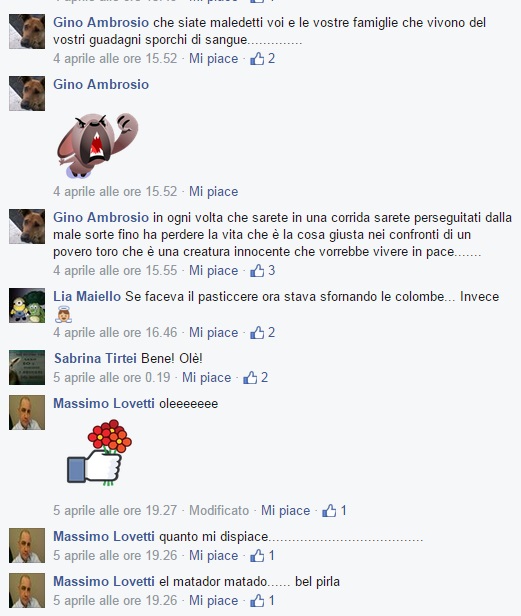 A suo tempo il poeta spagnolo Federico Garcia Lorca per l’uccisione del torero Ignacio Sanches Mejias compose come “lamento” funebre la celeberrima e bellissima poesia “Alle cinque della sera”, l’ora in cui Mejias perse la vita. Oggi invece per la morte di Del Villar si compone tutt’altro. Su Facebook per esempio c’è chi ha pensato di “comporre” non un lamento, ma un festeggiamento:
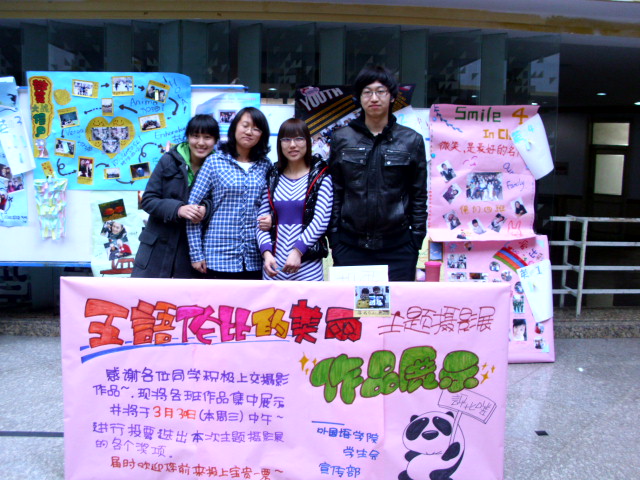 历时一周的作品征集中,学院收到了来自2010级10个班级的海报作品和数十份个人作品。精心拍摄的数码照片和独具匠心的海报设计带来了美的享受,记忆了同学们大学生活第一年的美好瞬间:冬日里的外语楼、扫雪时的齐心协力、生日party上的欢乐恶搞、与外教们的愉快交流、刻苦钻研时的一丝不苟,西班牙语两班的作品彰显了同学们活力四射的青春,记载了同学们的快乐生活,呈现了学院无与伦比的美丽。
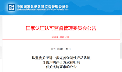 中國(guó)質(zhì)量新聞網(wǎng)訊? 2019年12月30日,國(guó)家認(rèn)監(jiān)委官網(wǎng)發(fā)布公告稱,為落實(shí)“放管服”改革要求,推動(dòng)強(qiáng)制性產(chǎn)品認(rèn)證(CCC)自我聲明評(píng)價(jià)方式順利實(shí)施,持續(xù)強(qiáng)化市場(chǎng)主體責(zé)任,經(jīng)全面評(píng)估CCC自我聲明評(píng)價(jià)方式實(shí)施情況,現(xiàn)對(duì)CCC自我聲明評(píng)價(jià)方式進(jìn)一步完善并明確有關(guān)要求如下:
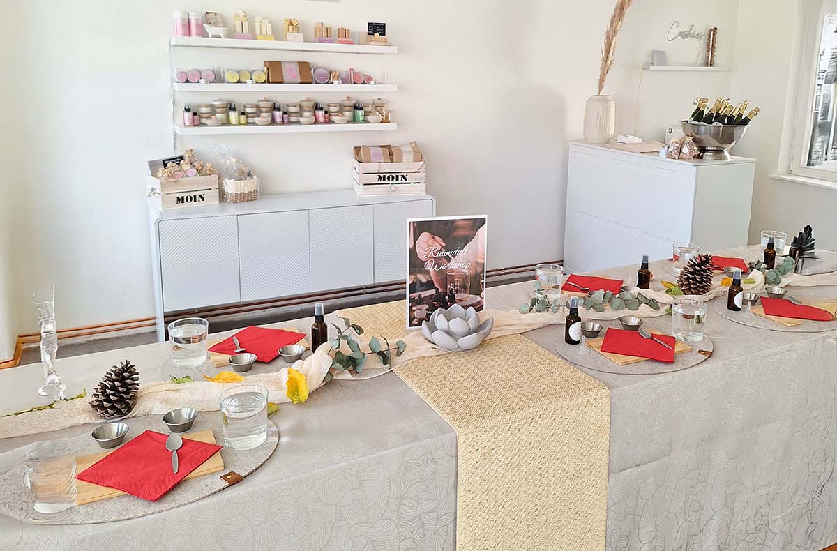 Im charmanten Hamburg-Eimsbüttel erwartet Dich der Raumduft Workshop. Erwecke Deine Sinne. In entspannter Atmosphäre lernst Du, wie Du Deinen ganz persönlichen Raumduft aus naturreinen ätherischen Ölen kreierst. Jeder Duft erzählt eine Geschichte – und Deine steht im Mittelpunkt. Untermalt von sanfter Musik und begleitet von einem Gin Tonic entfaltet sich ein einzigartiges Sinneserlebnis. Egal ob Du zum ersten Mal ätherische Öle verwendest oder schon Erfahrung hast – hier zählt Deine Intuition. Tausche Dich mit anderen Duftliebhabern aus, finde Dein Aroma und nimm ein selbstgemachtes Spray mit nach Hause. Lass Deinen Geruchssinn tanzen – buche jetzt Deinen Platz im Raumduft Workshop in Hamburg!
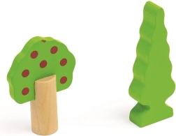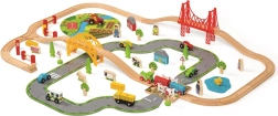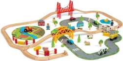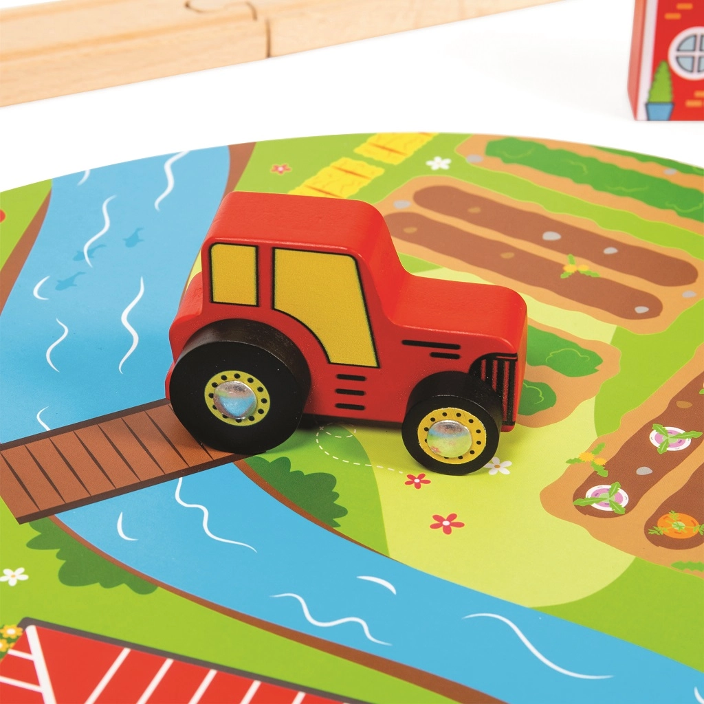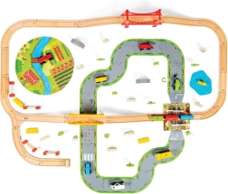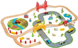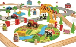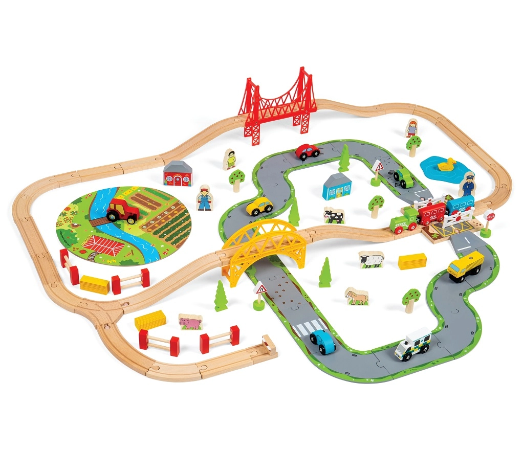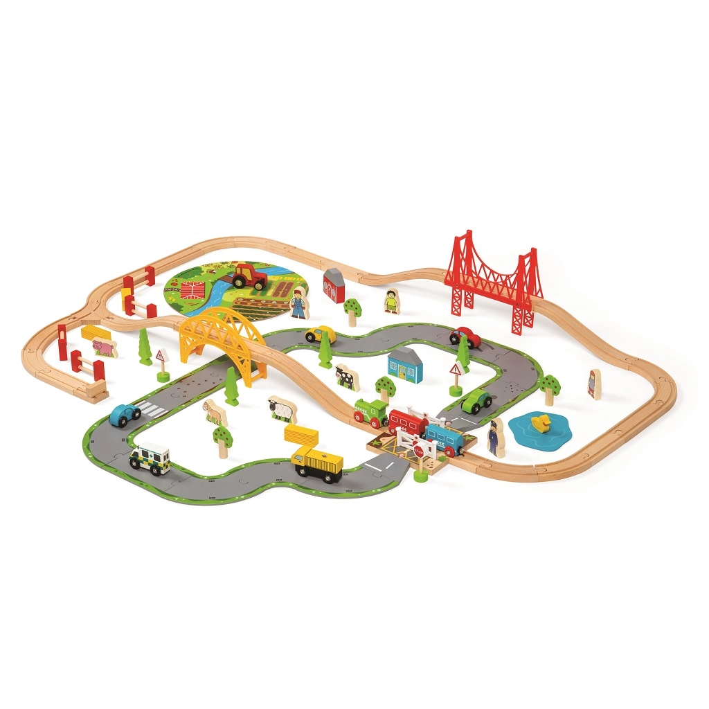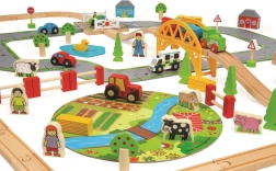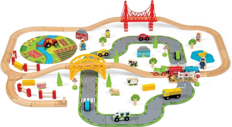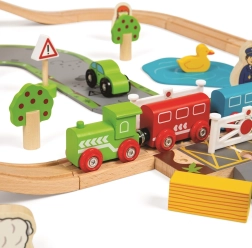 Este ferrocarril de madera con camino rural es la combinación perfecta de ferrocarril y pista de coches, que imitan el mundo real del transporte. Gracias a los puentes y pasos a nivel, tus hijos se adentrarán en un mundo lleno de aventuras divertidas. Todo se complementa con accesorios locales como una granja, edificios y árboles, que embellecen el entorno.
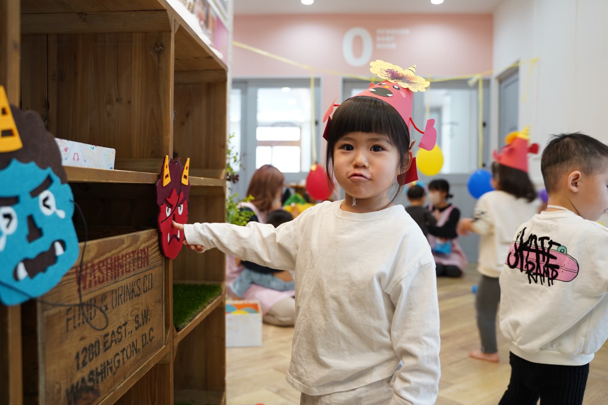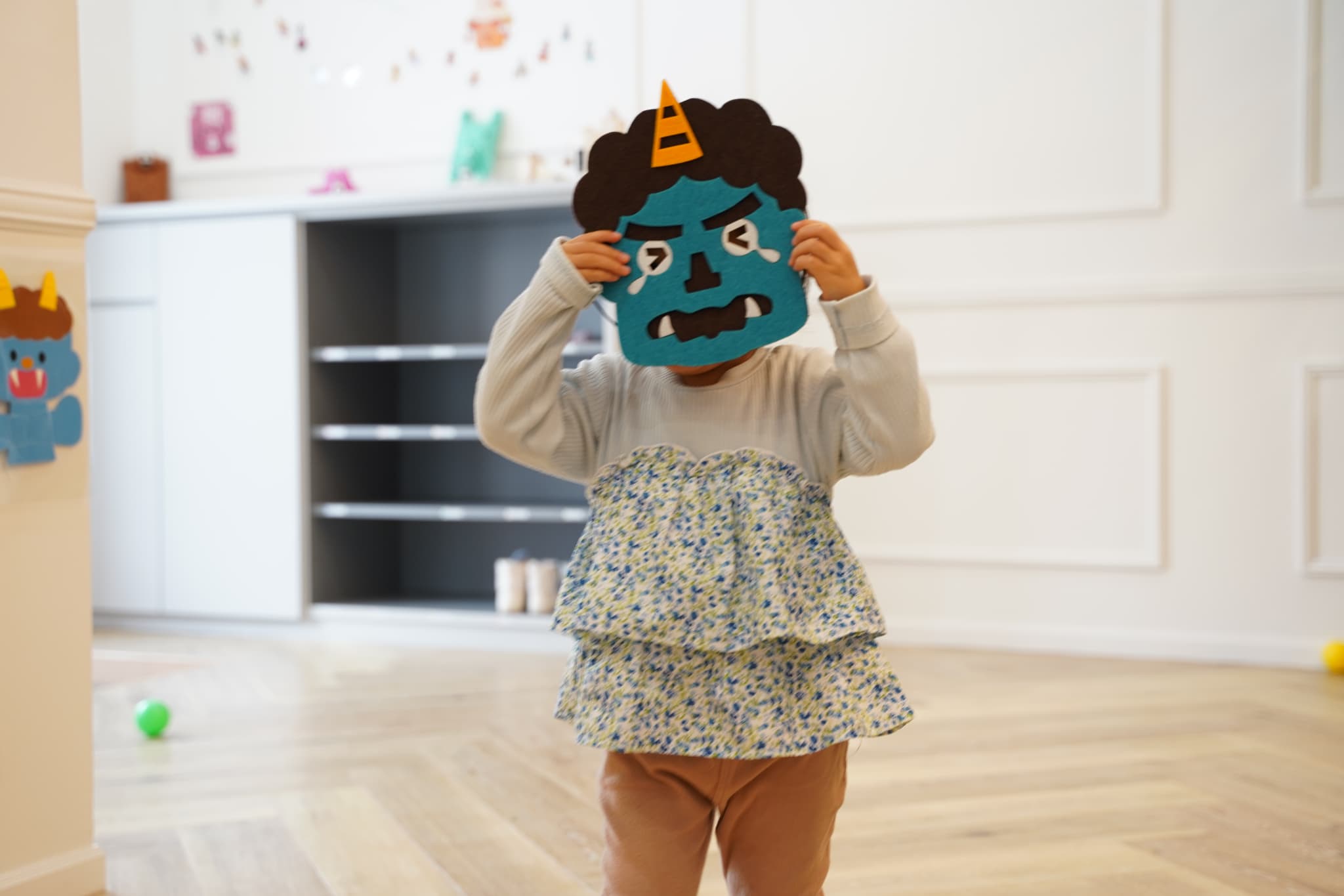廊下に可愛い鬼さんをたくさん用意して、豆まきをみんなで楽しみました!

########

Exercise directions -> Repeat all of the entries above exactly. Keep pictures out of it.

Response to the exercise ->
 A suo tempo il poeta spagnolo Federico Garcia Lorca per l’uccisione del torero Ignacio Sanches Mejias compose come “lamento” funebre la celeberrima e bellissima poesia “Alle cinque della sera”, l’ora in cui Mejias perse la vita. Oggi invece per la morte di Del Villar si compone tutt’altro. Su Facebook per esempio c’è chi ha pensato di “comporre” non un lamento, ma un festeggiamento:
 历时一周的作品征集中,学院收到了来自2010级10个班级的海报作品和数十份个人作品。精心拍摄的数码照片和独具匠心的海报设计带来了美的享受,记忆了同学们大学生活第一年的美好瞬间:冬日里的外语楼、扫雪时的齐心协力、生日party上的欢乐恶搞、与外教们的愉快交流、刻苦钻研时的一丝不苟,西班牙语两班的作品彰显了同学们活力四射的青春,记载了同学们的快乐生活,呈现了学院无与伦比的美丽。
 中國(guó)質(zhì)量新聞網(wǎng)訊? 2019年12月30日,國(guó)家認(rèn)監(jiān)委官網(wǎng)發(fā)布公告稱,為落實(shí)“放管服”改革要求,推動(dòng)強(qiáng)制性產(chǎn)品認(rèn)證(CCC)自我聲明評(píng)價(jià)方式順利實(shí)施,持續(xù)強(qiáng)化市場(chǎng)主體責(zé)任,經(jīng)全面評(píng)估CCC自我聲明評(píng)價(jià)方式實(shí)施情況,現(xiàn)對(duì)CCC自我聲明評(píng)價(jià)方式進(jìn)一步完善并明確有關(guān)要求如下:
 Im charmanten Hamburg-Eimsbüttel erwartet Dich der Raumduft Workshop. Erwecke Deine Sinne. In entspannter Atmosphäre lernst Du, wie Du Deinen ganz persönlichen Raumduft aus naturreinen ätherischen Ölen kreierst. Jeder Duft erzählt eine Geschichte – und Deine steht im Mittelpunkt. Untermalt von sanfter Musik und begleitet von einem Gin Tonic entfaltet sich ein einzigartiges Sinneserlebnis. Egal ob Du zum ersten Mal ätherische Öle verwendest oder schon Erfahrung hast – hier zählt Deine Intuition. Tausche Dich mit anderen Duftliebhabern aus, finde Dein Aroma und nimm ein selbstgemachtes Spray mit nach Hause. Lass Deinen Geruchssinn tanzen – buche jetzt Deinen Platz im Raumduft Workshop in Hamburg!
 Este ferrocarril de madera con camino rural es la combinación perfecta de ferrocarril y pista de coches, que imitan el mundo real del transporte. Gracias a los puentes y pasos a nivel, tus hijos se adentrarán en un mundo lleno de aventuras divertidas. Todo se complementa con accesorios locales como una granja, edificios y árboles, que embellecen el entorno.
廊下に可愛い鬼さんをたくさん用意して、豆まきをみんなで楽しみました!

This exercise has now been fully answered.